6        Power of health officers to sample a testing service

(1)     For the purpose of carrying out an inspection, a health officer may require a service provider to provide that officer with a testing service.

(2)     Where paragraph (1) applies, the service provider must deliver the testing service as if the health officer were an ordinary member of the public receiving that service.

(3)     A service provider is entitled to payment for a testing service required under this Regulation, if that service is ordinarily provided at a charge.

7        Power of health officers to enter premises without a warrant

(1)     For the purpose of carrying out an inspection a health officer may enter any premises at any reasonable time, but in the case of a private dwelling where all or part of the testing service is provided, may only do so with the owner or occupier’s prior consent.

(2)     If requested by the owner or occupier of the premises to do so, a health officer must produce evidence of his or her authority to carry out an inspection and to enter premises for that purpose.

8        Warrant to enter premises

(1)     The Bailiff or a Jurat may grant a warrant permitting a health officer to enter any premises (including a testing officer’s private dwelling if all or part of a testing service is provided there) if satisfied that there are reasonable grounds for a health officer to believe that there are on those premises, apparatus, testing kits, samples or other material used for, or in connection with a testing service, or records and other documents inspection of which is necessary for the purpose mentioned in Regulation 7(1), and that –

(a)     entry to the premises has been refused, or a refusal is expected, and that notice of the intention to apply for a warrant has been given to the owner or occupier;

(b)     a request to the owner or occupier for admission or the giving of such a notice would defeat the purpose of the proposed entry; or

(c)     the premises are unoccupied or the owner or occupier is temporarily absent, and the case is urgent.

(2)     A warrant granted under paragraph (1) continues in force for 30 days.

9        Offence of obstructing or non-compliance

(1)     A person who intentionally obstructs a health officer acting in the execution of functions conferred by any of Regulations 4, 5, 6, 7 or 8 commits an offence and is liable to imprisonment for a term of 6 months and to a fine of level 3 on the standard scale.

(2)     A person who –

(a)     fails, without reasonable excuse to comply with a requirement mentioned in Regulation 5 or 6; or

(b)     when required to produce any document or give any other information, produces a document or gives information which is false in a material particular, knowing the document or information to be false in that particular,

commits an offence and is liable to imprisonment for a term of 6 months and to a fine of level 3 on the standard scale.

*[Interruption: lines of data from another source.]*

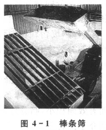 棒條篩(GrizZly screen)由一組具有一定斷面形狀的棒條所組成。如圖4—1所示,這些捧條平行安放,棒條與棒條之間的間隙即篩孔尺寸。棒條篩安裝傾角應大于廢物對篩面的摩擦角,一般為30°一35°,以保證廢物沿篩面下滑。棒條篩篩面的篩孔尺寸為要求篩下產品粒度的1.1—1.2倍,一般篩孔尺寸不小于50 mm。物料從棒條一端給入,并順棒條方向運動,細粒穿過縫隙成為篩下物,粗粒從端面的末端排出。
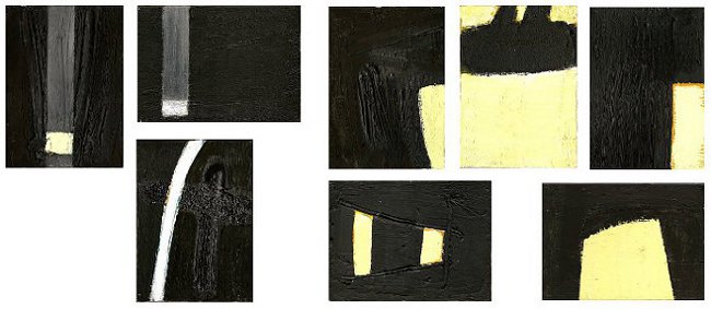 Lumilux Nr.1 bis 8, 18 x 13 bzw. 13 x 18, Öl und Bitumen auf Leinwand, 2001- verkauft
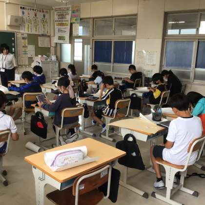 4の1 図工です。 読書感想画 下書きから清書に入っています。

10      Duty to inform service provider of findings in relation to items removed for analysis etc.

(1)     This Regulation applies where –

(a)     under Regulation 5, apparatus, testing kits, samples or other material used for, or in connection with the testing service have been seized and removed from premises for the purpose of analysis or testing; or

(b)     under Regulation 6 a health officer has received a testing service.

(2)     The health officer carrying out the inspection must, as soon as is reasonably practicable, notify the service provider of the officer’s findings in relation to the analysis or testing of the items referred in paragraph (1)(a), or of the conduct of the testing service.

11      Inspection report

(1)     The health officer carrying out the inspection must, following that inspection, prepare a written report containing his or her findings and recommendations.

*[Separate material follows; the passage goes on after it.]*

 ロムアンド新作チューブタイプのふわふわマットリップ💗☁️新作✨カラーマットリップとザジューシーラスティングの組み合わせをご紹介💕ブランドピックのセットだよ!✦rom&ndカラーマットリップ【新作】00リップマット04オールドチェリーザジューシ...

(2)     The health officer must set out in the report the extent to which the standards have, or have not been complied with.

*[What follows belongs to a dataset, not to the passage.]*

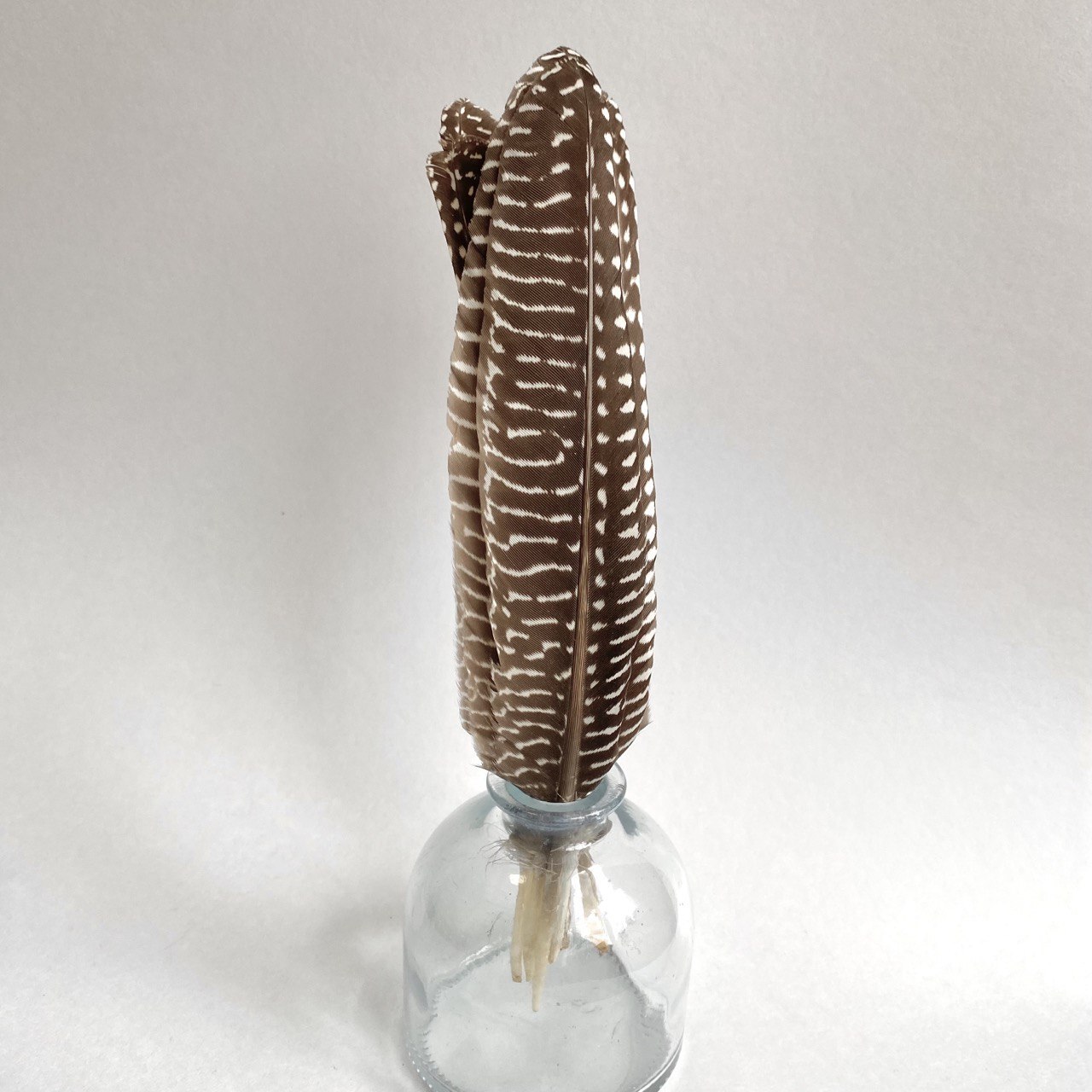 Купить перо цесарки натуральное коричневое 20 - 23 см. поштучно.

(3)     If a standard has not been complied with, the health officer must recommend what remedial action the service provider must take in order to comply with the standard in question, and a reasonable timescale within which that action must be taken.

(4)     If it appears that the testing service presents a significant risk to public health or the health of individuals, the health officer must set out in the report why that appears to be the case.

(5)     Subject to paragraph (6), the report must be sent to the Minister and a copy of it sent to the service provider.

(6)     In the case of a recommendation under paragraph (3), the health officer must, before finalising the report, send a draft copy of it to the service provider.

(7)     The service provider may submit a response to the draft not later than 28 days after the day it is received by that provider;

(8)     If a response submitted under paragraph (7) identifies an error of fact in the draft report, and the health officer accepts the error, he or she must correct the error before finalising the report.

(9)     Where paragraph (4) applies, a copy of the report must, as soon as is reasonably practicable, also be sent to the authorities listed in paragraph (10) and such other persons as the health officer considers necessary.

(10)    The authorities mentioned in paragraph (9) are –

(a)     the Medical Officer of Health;

(b)     the Chief Consumer Safety Inspector as defined by Article 3 of the Consumer Safety Law; and

(c)     the Health and Social Care Commission established by Article 35 of the Regulation of Care Law.

12      Minister’s determination

(1)     On receipt of the report, the Minister must determine whether or not to accept the health officer’s recommendation under Regulation 11(3).

(2)     If the Minister so accepts the recommendation, he or she must determine whether or not to direct the health officer to re-inspect the testing service upon the expiry of the timescale within which remedial action must be taken.

(3)     If it appears to the Minister that the risk mentioned in Regulation 11(4) is as a result of activities not permitted by a licence granted under Article 26 of the Control of Housing and Work Law, the Minister must request the Chief Minister to consider exercising his or her powers under Article 37(2) of that Law to serve a notice requiring the cessation of such activities.

(4)     If the Minister makes a determination under paragraph (2) and upon the health officer’s re-inspection it appears that –

(a)     the service provider has failed to take the remedial action required, the Minister must request the Chief Minister to consider exercising his or her powers under Article 30 (revocation of licence) of the Control of Housing and Work Law; or

(b)     that the testing service presents a significant risk to public health or the health of individuals, the Minister must request the Chief Minister to consider exercising his or her powers under Article 37(2) of that Law to serve a notice requiring the cessation of such activities.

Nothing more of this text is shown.